At the same time, despite the wide variety of known memristive materials and resistive-switching effects, a memristor element with characteristics suitable for industrial use in neuromorphic computing has not yet been found. The reasons are both in the complex, nonlinear nature of resistive switching, which depends, inter alia, on the stochasticity of microprocesses at the nanoscale, and in the mutual antagonism of the required properties, such as, for example, a long state-retention time and, at the same time, the smooth nature of resistive switching (plasticity), and in matters of compatibility with advanced technological processes of microelectronics.

On the other hand, the search for optimal algorithms for tuning (training) arrays of memristors, effective models of neuron-like elements, architectures of new methods of artificial intelligence, in particular based on pulsed neural networks, and much more, continues.

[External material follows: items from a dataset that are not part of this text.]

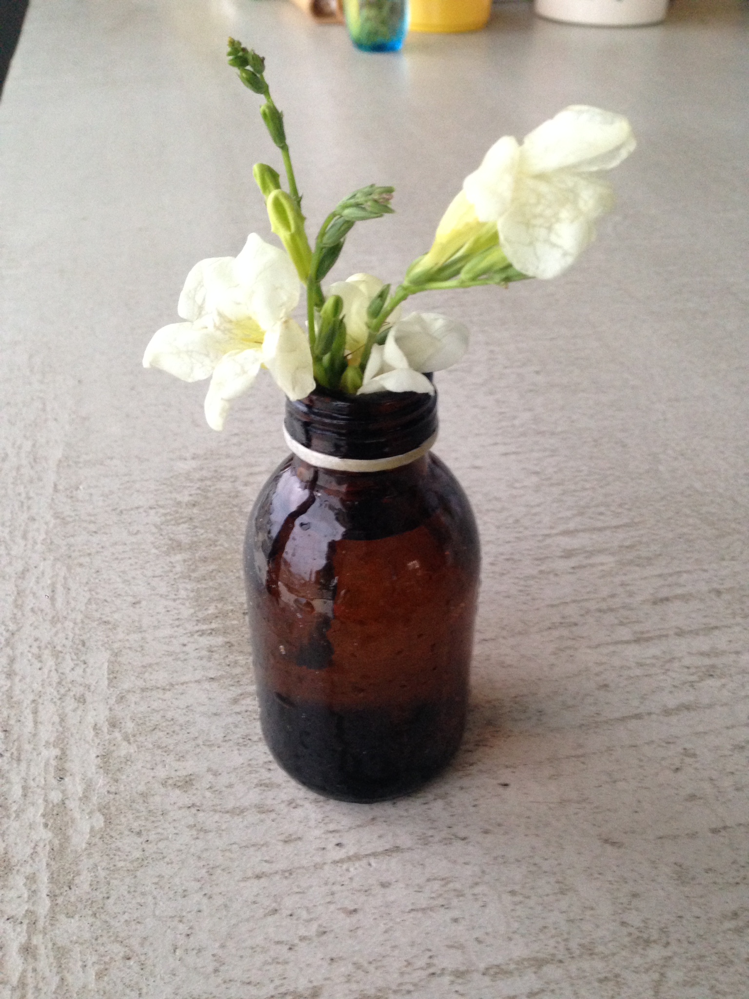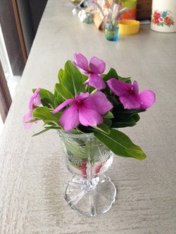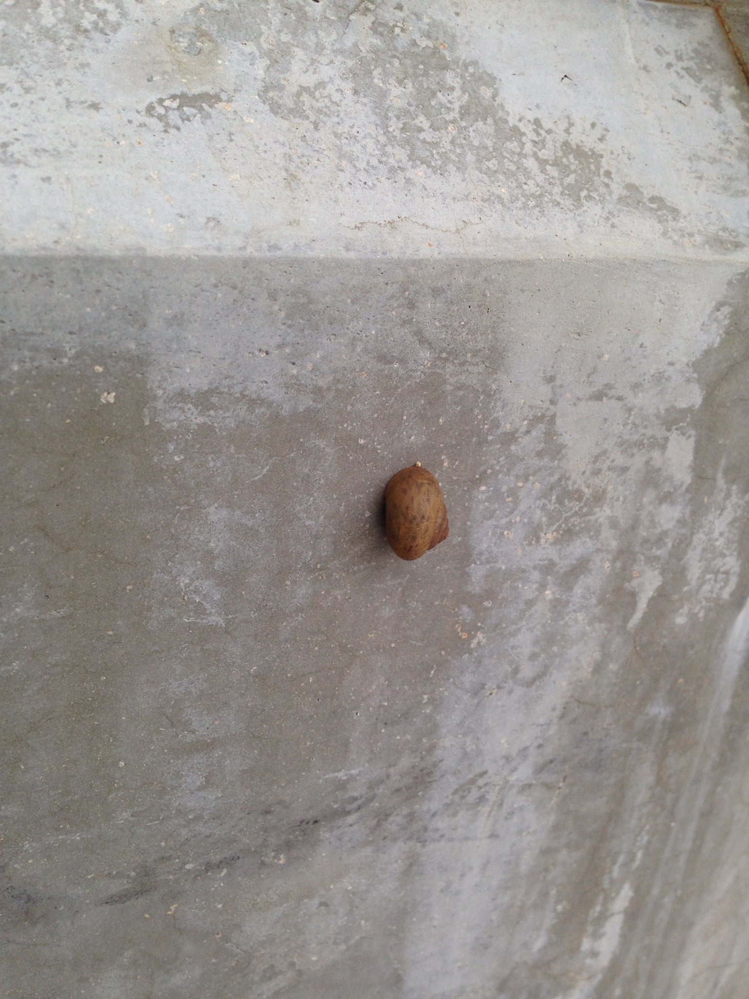 朝食を食べ終わり、左を見ると、塀にカタツムリがとまっていて、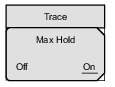 ![]() | Max Hold: Press this submenu key to toggle Max Hold On or Off. It applies to Spectrum view and EVM vs Sub Carrier view. This function allows the spectrum trace to hold its peak value from trace to trace. This helps in capturing a representative spectrum of a burst RF signal, such as WiMAX. All Max Hold operations show two traces. One trace is a max hold value, and the other is a live trace with the current measurement results. |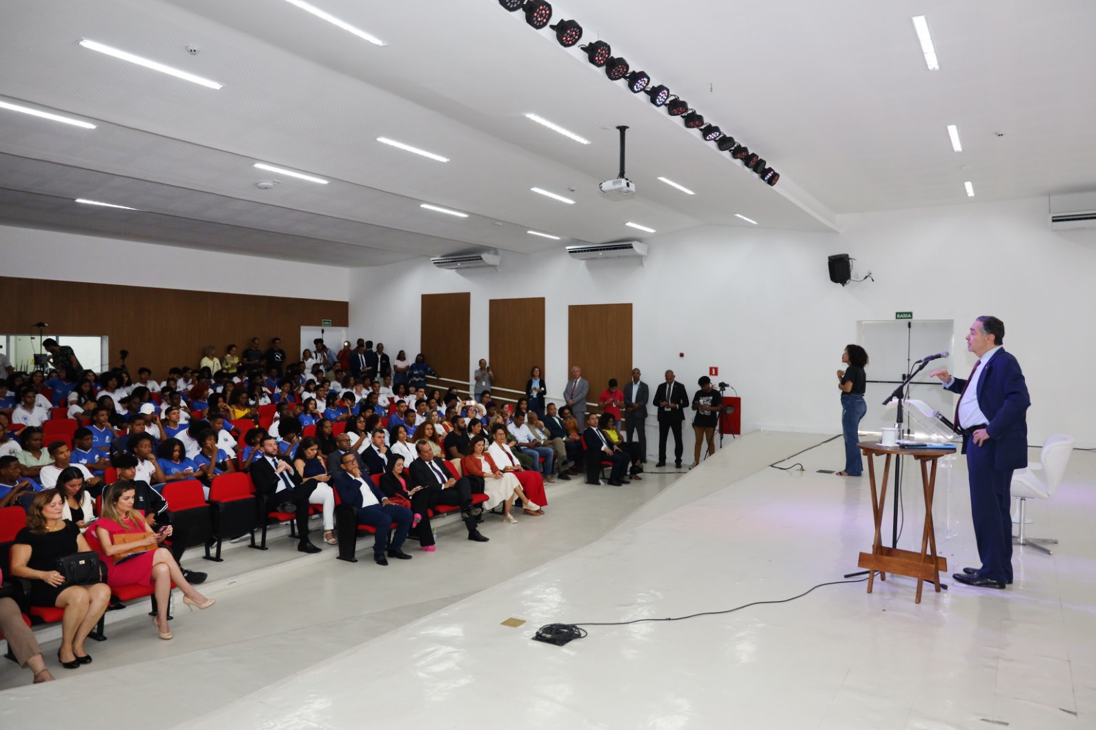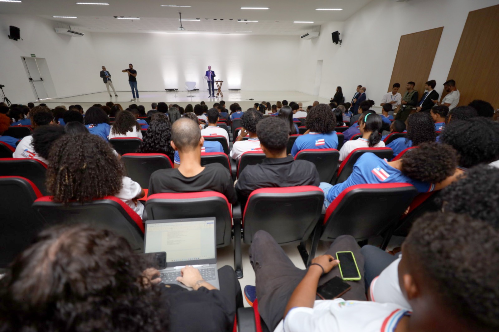 A segunda-feira (4) começou com uma atividade diferenciada no Centro Estadual de Educação Profissional em Tecnologia, Informação e Comunicação (Ceep-TIC), em Lauro de Freitas. O presidente do Supremo Tribunal Federal (STF), ministro Roberto Barroso, deu uma aula motivacional para cerca de 250 estudantes, professores e funcionários de quatro unidades escolares da rede estadual de Salvador e Lauro de Freitas. O governador da Bahia em exercício, Geraldo Júnior, prestigiou o evento, dentre outras autoridades.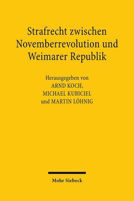Im November 2018 jährte sich die Ausrufung der Republik zum einhundertsten Mal. Die Umbruchphase war mit großen Hoffnungen verbunden, führte jedoch zu bürgerkriegsähnlichen Zuständen und mündete in dementsprechenden Enttäuschungen. Obwohl die Phase zwischen der Novemberrevolution und der Etablierung der ersten deutschen Republik im Laufe des Jahres 1919 eine tiefe Zäsur markiert, ist sie bislang nur ausschnittsweise Gegenstand rechtshistorischer Forschung gewesen. Das gilt insbesondere für die Frage, ob und inwieweit in dieser kurzen Zeit zwischen Revolution und Republik die Grundlagen für strafrechtliche Institutionen und Denkfiguren gelegt wurden, welche die Weimarer Republik prägten und (in radikalisierter Form) bis zur NS-Zeit fortwirkten.Mit Beiträgen von:Martin Asholt, Verena Dorn-Haag, Sven Großmann, Arnd Koch, Michael Kubiciel, Martin Löhnig, Monika Polzin, Mareike Preisner, Hubert Seliger, Daniel Siemens, Dietmar Süß, Benno Zabel, Sascha Ziemann

We have already come a long way in all these directions, effective memristor elements and neuromorphic systems have been demonstrated, but much remains to be done. This issue presents some of the key Russian work in this area. The contribution of Russian science today seems to be quite consistent with the world level. Nevertheless, the consolidation of efforts is required in this important branch of nature-like technologies, which promises a unique opportunity for the development of national security and responding to the great challenges of the Strategy of scientific and technological development of Russia.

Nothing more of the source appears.